[Your instructions] The lines below starting at the line containing "Fötter från en" and ending at the line containing "UNITATEA 1 POZIŢIA" are to be repeated exactly, with both ends kept and nothing else added.

[Dataset records]
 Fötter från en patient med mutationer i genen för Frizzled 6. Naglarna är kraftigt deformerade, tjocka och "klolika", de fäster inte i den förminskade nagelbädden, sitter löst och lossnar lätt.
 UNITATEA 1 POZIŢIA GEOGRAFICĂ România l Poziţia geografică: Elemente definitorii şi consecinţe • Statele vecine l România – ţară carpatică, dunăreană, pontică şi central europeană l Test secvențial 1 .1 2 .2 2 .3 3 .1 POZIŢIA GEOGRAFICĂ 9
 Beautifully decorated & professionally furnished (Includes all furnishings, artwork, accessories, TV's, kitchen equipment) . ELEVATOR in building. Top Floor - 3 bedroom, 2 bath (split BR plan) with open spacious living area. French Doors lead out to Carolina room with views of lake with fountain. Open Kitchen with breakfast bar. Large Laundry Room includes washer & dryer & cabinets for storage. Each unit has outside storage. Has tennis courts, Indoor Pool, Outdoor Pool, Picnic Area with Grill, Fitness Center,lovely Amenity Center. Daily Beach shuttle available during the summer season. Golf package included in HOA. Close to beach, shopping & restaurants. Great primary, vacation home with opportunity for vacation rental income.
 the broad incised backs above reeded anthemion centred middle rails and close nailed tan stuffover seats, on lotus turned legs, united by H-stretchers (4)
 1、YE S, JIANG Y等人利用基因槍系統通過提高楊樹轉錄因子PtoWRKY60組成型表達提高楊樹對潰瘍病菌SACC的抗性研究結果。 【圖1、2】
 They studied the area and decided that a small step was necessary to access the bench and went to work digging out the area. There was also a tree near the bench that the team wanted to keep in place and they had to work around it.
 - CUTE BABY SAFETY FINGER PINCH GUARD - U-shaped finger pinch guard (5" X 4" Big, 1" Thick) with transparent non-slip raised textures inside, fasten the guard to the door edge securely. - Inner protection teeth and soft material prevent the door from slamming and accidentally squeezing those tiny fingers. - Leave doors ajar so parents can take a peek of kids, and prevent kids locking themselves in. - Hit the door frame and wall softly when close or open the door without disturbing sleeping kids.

* * *

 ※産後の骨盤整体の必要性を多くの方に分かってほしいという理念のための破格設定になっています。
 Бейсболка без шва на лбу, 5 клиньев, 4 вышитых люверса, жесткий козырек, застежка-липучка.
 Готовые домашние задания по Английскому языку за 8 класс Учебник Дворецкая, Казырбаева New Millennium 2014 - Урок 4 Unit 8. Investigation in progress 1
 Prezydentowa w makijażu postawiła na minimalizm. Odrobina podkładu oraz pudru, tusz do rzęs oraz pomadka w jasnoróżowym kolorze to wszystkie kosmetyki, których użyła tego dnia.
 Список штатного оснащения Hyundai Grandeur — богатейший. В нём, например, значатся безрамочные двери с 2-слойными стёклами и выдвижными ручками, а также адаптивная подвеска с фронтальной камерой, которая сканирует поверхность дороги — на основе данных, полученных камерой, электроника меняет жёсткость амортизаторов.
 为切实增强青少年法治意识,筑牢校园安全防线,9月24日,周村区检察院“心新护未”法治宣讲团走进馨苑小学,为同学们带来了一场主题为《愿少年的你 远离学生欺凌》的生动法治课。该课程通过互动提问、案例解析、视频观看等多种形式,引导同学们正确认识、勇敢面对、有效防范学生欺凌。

[Exercise result]
 Fötter från en patient med mutationer i genen för Frizzled 6. Naglarna är kraftigt deformerade, tjocka och "klolika", de fäster inte i den förminskade nagelbädden, sitter löst och lossnar lätt.
 UNITATEA 1 POZIŢIA GEOGRAFICĂ România l Poziţia geografică: Elemente definitorii şi consecinţe • Statele vecine l România – ţară carpatică, dunăreană, pontică şi central europeană l Test secvențial 1 .1 2 .2 2 .3 3 .1 POZIŢIA GEOGRAFICĂ 9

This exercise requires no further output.